Os projetos partidários não nascem no vácuo. Partidos representam grupos de interesse, classes sociais. A classe média urbana que não está no funcionalismo público costuma votar num partido liberal e querem liberdade de ação sem interferência governamental. A classe operária, funcionários públicos, costumam ter expectativas maiores do Estado. A classe média rural, que vive do que lhe rende o campo, terá outro grupo de prioridades, cobra do Estado mas tem objetivos bem diferentes dos trabalhistas. Às vezes, os interesses de um grupo se assemelham ao de outros. Numa democracia madura, é a estes anseios que os partidos políticos respondem. O PT tem tênues laços sindicais, mas estes não refletem uma política industrial e trabalhista como prioridade de governo. Do sindicalismo, herdou no máximo o peleguismo e a distribuição de cargos como método. Uma pena.

O DEM não é nada. Um dia se chamou liberal – mas a burguesia não se reconhece numa colcha de retalhos que reúne oligarcas nordestinos e chefetes políticos do sul. O PSDB teve um projeto econômico. Passado o período de privatizações e estabilização da moeda, o que lhe sobrou? Corre pelo Congresso feito barata tonta, não sabe o que defender e se morde pelo fato de seu projeto ter sido seqüestrado por quem não tinha idéias próprias. O PMDB, coitado, sequer finge ser um partido.

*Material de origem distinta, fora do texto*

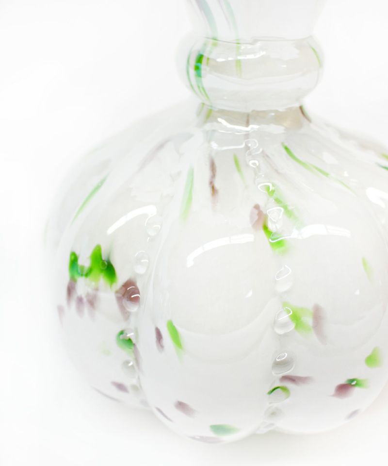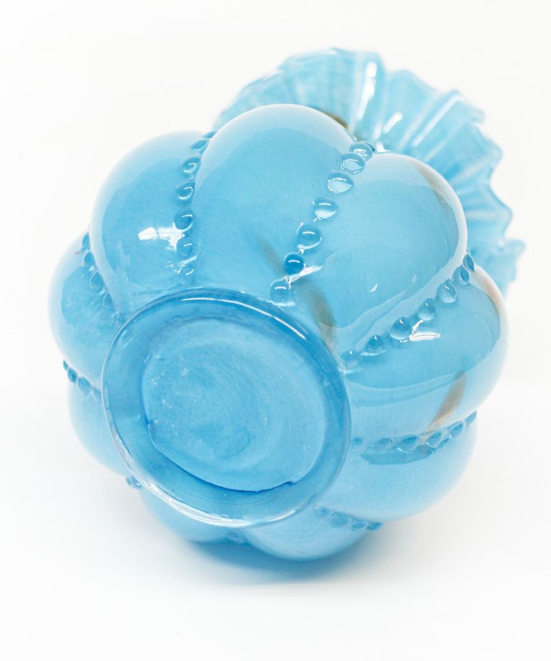 鮮やかなカラーとヴィンテージ調のシルエットが魅力のガラスフラワーベース。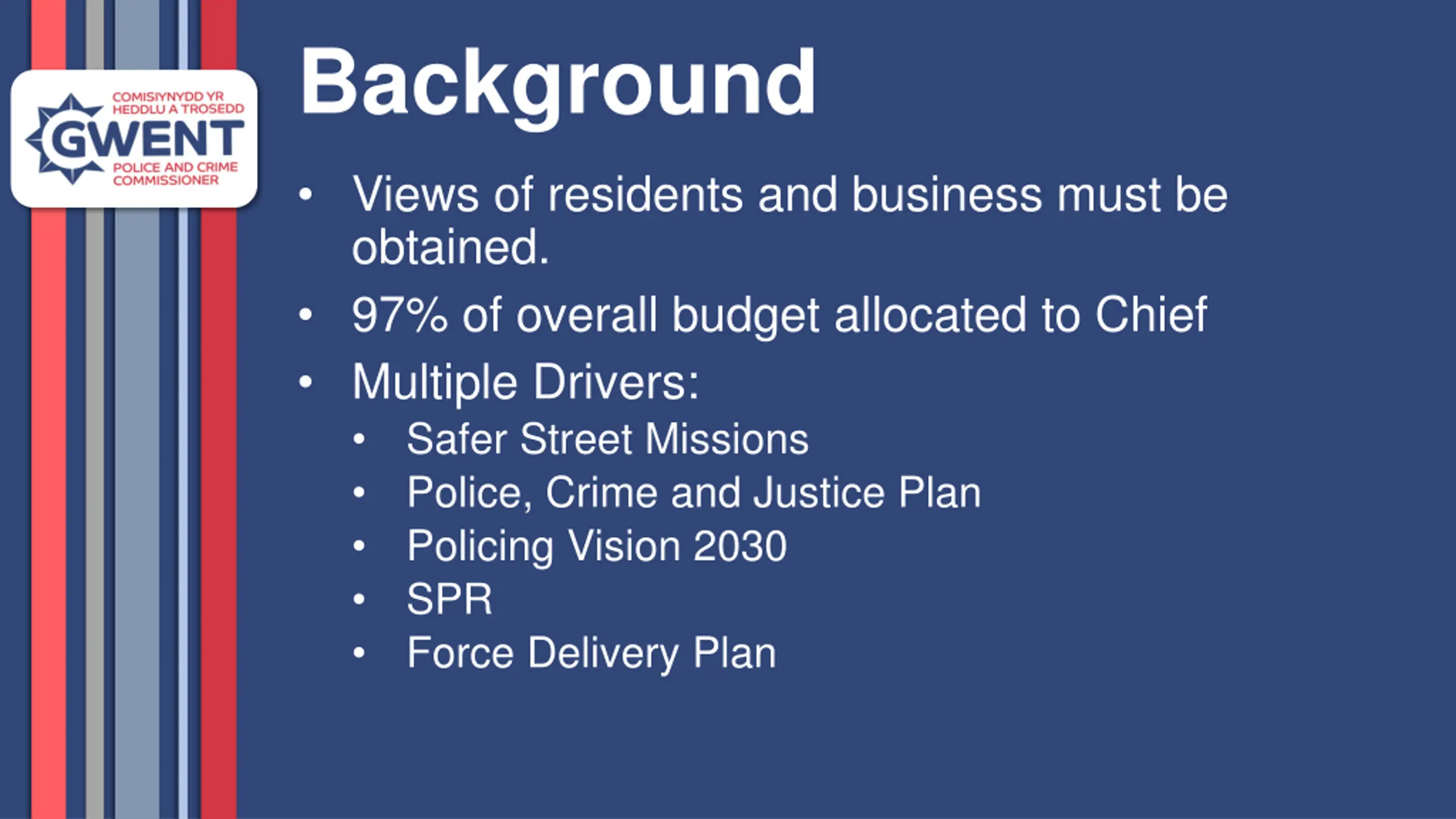 Background Views of residents and business must be obtained. 97% of overall budget allocated to Chief Multiple Drivers: Safer Street Missions Police, Crime and Justice Plan Policing Vision 2030 SPR Force Delivery Plan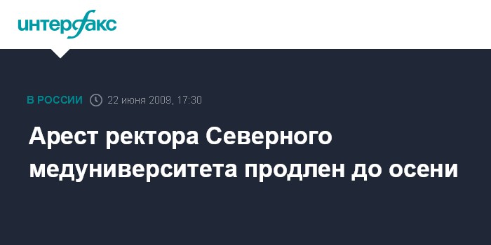 Москва. 22 июня. INTERFAX.RU - Октябрьский районный суд Архангельска принял решение о продлении срока содержания под стражей ректора Северного государственного медицинского университета (СГМУ) Павла Сидорова до 28 августа 2009 года. Как сообщает пресс-служба Управления Судебного департамента области, таким образом суд удовлетворил ходатайство стороны обвинения, которая мотивировала необходимость продления срока ареста "большим объемом следственных мероприятий".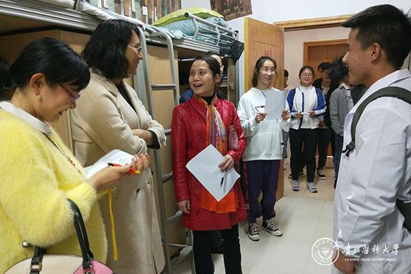 为了营造良好的寝室文化氛围,帮助新生适应大学生活,增强新生凝聚力,10月30日,护理学院开展了新生寝室美化大赛。护理学院党委副书记杨英、学生科科长曾敏、分团委负责人王晓玲、学生党支部书记李颖、学生党支部副书记马景瑶、2018级辅导员老师李杏春和学生会部分成员作为评委。

Quem acusa o PT de ter um projeto revolucionário não percebe uma realidade muito mais triste. O PT não tem qualquer projeto. Lula, sim, tem um projeto. É seu, particular.

Nossa democracia tem 20 anos contados desde a Constituição de 1988. Temos muito tempo pela frente e a graça de vivermos numa terra não só rica como detentora das riquezas certas para o mundo que vemos pela frente: temos uma vasta mata, nossa base energética é das menos dependentes de petróleo que existem, a ciência e tecnologia incipientes são de excelente qualidade. Esses recursos disfarçam o fato de que, dentre os políticos, ninguém nos oferece uma idéia de país, um projeto para avaliarmos. É este, não os fantasmas de 1970, nosso real problema.